Employee Retention Credit is a valuable tax credit that can assist employers affected by the COVID-19 Pandemic to keep their employees and reduce the impact on their business or organization.
The ERC (Eligible Employees Credit) is a tax credit that can vary depending on the time frame, the number and type of employees employed, and the amount paid in wages and insurance to employees eligible for the credit. The ERC can be claimed by filing Form 941 or Form 941-X with the IRS and reporting the qualified wages and health insurance costs and the amount of credit claimed for each quarter.
You should not miss the opportunity to benefit from this tax incentive if you are an eligible employer. The ERC cannot be claimed forever. There is a deadline to claim it and a statute that limits its use. To avoid making common mistakes, you should fill out the forms correctly using the information and tips in this article. If needed, you can also reach out to the IRS or a professional tax advisor for clarification or help.
ERCs are a powerful tool that can help your company or organization, as well as your employees. It can help your business or organization retain workers, maintain cash flow and recover from a pandemic. This article is intended to help you better understand the ERC, and how it can be claimed. Thank you for reading. Stay safe.

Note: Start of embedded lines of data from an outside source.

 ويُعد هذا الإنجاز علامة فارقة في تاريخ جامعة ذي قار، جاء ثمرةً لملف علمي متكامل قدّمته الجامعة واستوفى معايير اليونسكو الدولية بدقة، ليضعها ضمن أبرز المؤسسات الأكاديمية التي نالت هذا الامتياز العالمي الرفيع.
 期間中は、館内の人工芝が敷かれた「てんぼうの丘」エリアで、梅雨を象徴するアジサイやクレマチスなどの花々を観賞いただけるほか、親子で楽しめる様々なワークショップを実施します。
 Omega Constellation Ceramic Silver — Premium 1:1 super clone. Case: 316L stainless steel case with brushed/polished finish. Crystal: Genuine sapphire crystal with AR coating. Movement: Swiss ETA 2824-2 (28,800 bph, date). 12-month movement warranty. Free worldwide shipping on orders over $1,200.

Is There A Employee Retention Credit
What is the ERC?
Employee Retention Credit: This is a credit that employers can claim if they retained employees during the COVID-19 pandemic.

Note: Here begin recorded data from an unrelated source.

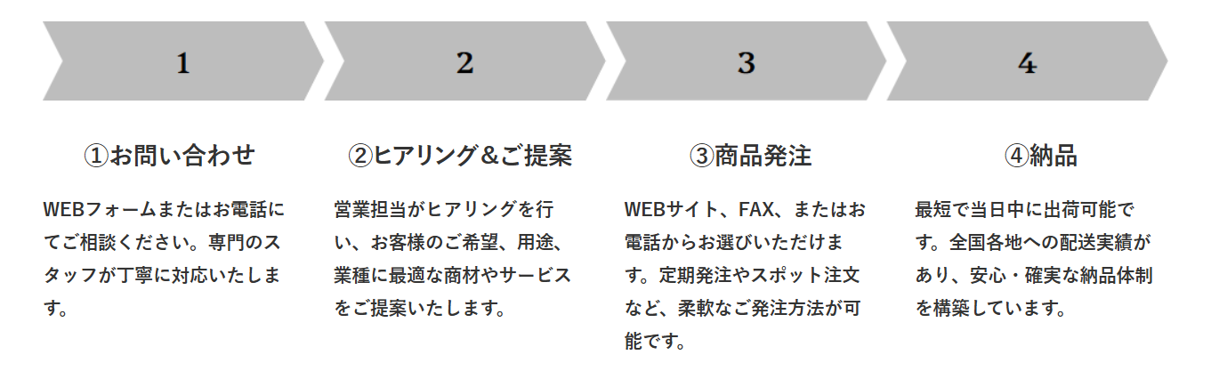 お客様からお問い合わせを頂いてから取引開始や商品納品に至るまで、営業担当者としてどのように動き、どのような工夫をしているのか、その裏側までじっくり掘り下げます。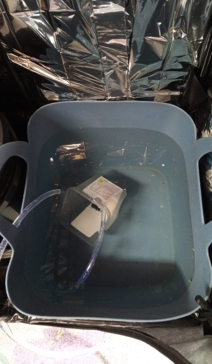 Und weil ich der Sache noch nicht ganz traue, steht der Vorratskübel erstmal in ner extra Box. Aber alles dicht und läuft, so muss das.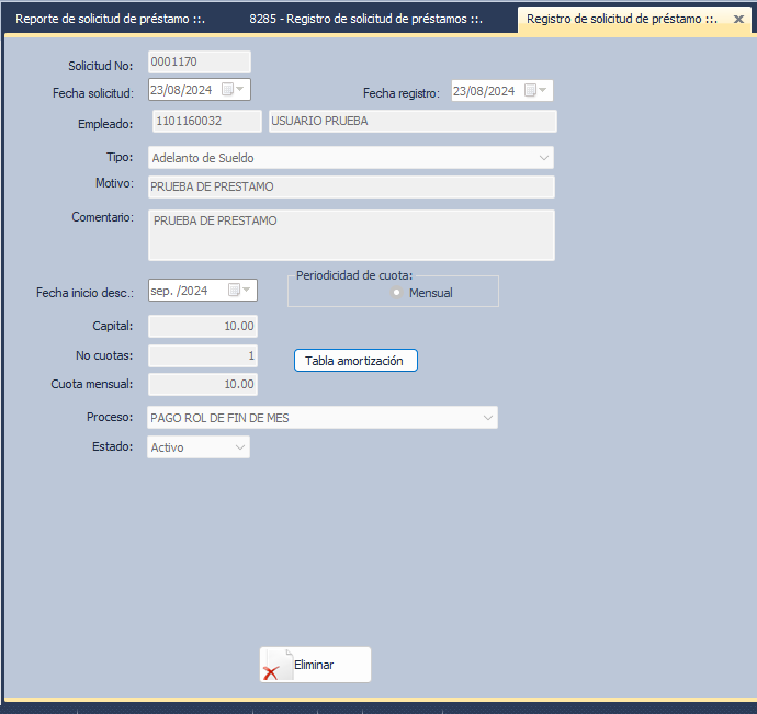 Seleccione el proceso en el que descontará el préstamo del empleado.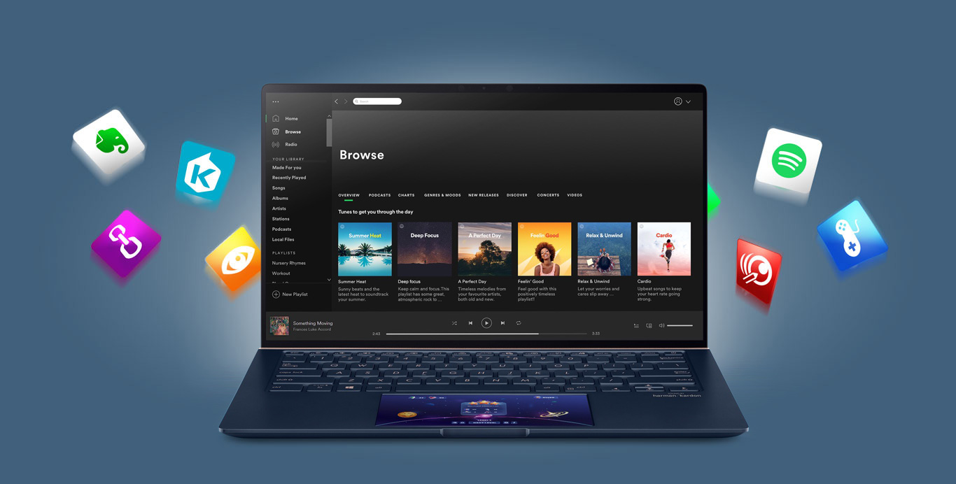 ScreenPad 2.0 intelligently fits many apps into the 5.65-inch touchscreen, and you can effortlessly add apps to ScreenPad for instant access. The newly-optimized ScreenPad experience ensures that your favorite apps, such as Evernote and Spotify, will work perfectly on the secondary display right away. ASUS also works closely with third party developers, including video-editing software developer Corel, to optimize adaptive ScreenPad tools for ultimate productivity – and there's much more to come. Get ready for the ScreenPad revolution!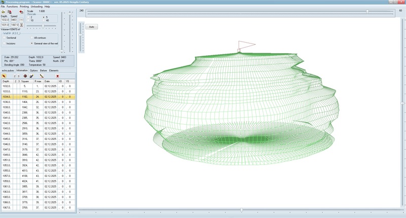 После обработки данных можно проверить форму скважины и провести сравнения с предыдущими измерениями. |
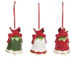 Ceramic Christmas bells with Nativity scene decoration and bow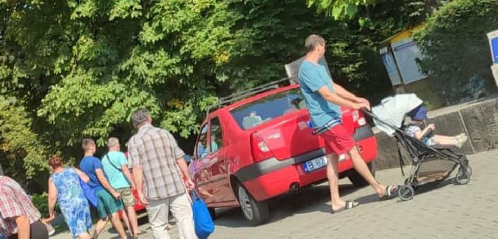 Două autoturisme au fost parcate, în această dimineaţă, chiar pe aleea de intrare în Parcul Central din Târgu Jiu, la câţiva metri de Poarta Sărutului, operă a marelui sculptor Constantin Brâncuşi.

The CARES Act, passed by Congress in March of this year, was amended in December of that year by the CAA Act. In March 2021, the ARPA Act (American Rescue Plan Act of 2021), was extended.

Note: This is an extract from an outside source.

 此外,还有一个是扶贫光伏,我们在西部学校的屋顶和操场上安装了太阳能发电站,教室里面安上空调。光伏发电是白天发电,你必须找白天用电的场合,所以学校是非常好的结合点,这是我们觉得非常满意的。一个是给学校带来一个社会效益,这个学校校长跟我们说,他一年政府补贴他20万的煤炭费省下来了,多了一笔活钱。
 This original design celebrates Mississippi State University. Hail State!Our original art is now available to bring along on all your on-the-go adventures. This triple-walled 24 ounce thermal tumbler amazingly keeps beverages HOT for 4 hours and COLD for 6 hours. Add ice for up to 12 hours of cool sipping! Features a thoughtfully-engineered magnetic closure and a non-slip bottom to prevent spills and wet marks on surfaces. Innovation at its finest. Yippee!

Are all ERC applicants eligible?
ERCs are not available to all. Employers who retained their employees and paid them wages between March 13, 2020, and December 31, 2021, are eligible.
The criteria for eligibility is also listed above. For the highlights, please see:
- A government order has suspended the business or organization (wholly or partially) due to COVID-19.
- Their gross receipts for a calendar quarter in 2020 or 2021 were less than a percentage of their gross receipts for the same quarter in 2019.
- It is a recovery-startup business that has been operating since after February 15, 2020. Their average annual gross receipts are no more than one million dollars.
How much is the ERC?
The amount ERC received by a business or organization will depend upon several factors.
Some of these include the time period and number of employees. Others are the amount paid in qualified wages or health insurance to eligible employees. To learn more about how ERCs are calculated, please read the article.
How to claim ERC
To claim the ERC an employer must submit a federal employment reform (Form 941)-X or a revised employment tax return to the IRS.
Employers are required to report each quarter the total amount claimed as a credit and the wages and insurance premiums paid by eligible employees.
When is the Deadline for Filing the ERC Forms?
The deadlines of Form 941, Form 941X and ERC 941 are different.
Form 941 deadline is typically the last of the month following each quarter. For Form 941X, the deadline is three years following the date on which the original form 941 was filed. This can also be up to two years, based on the date when the tax is paid.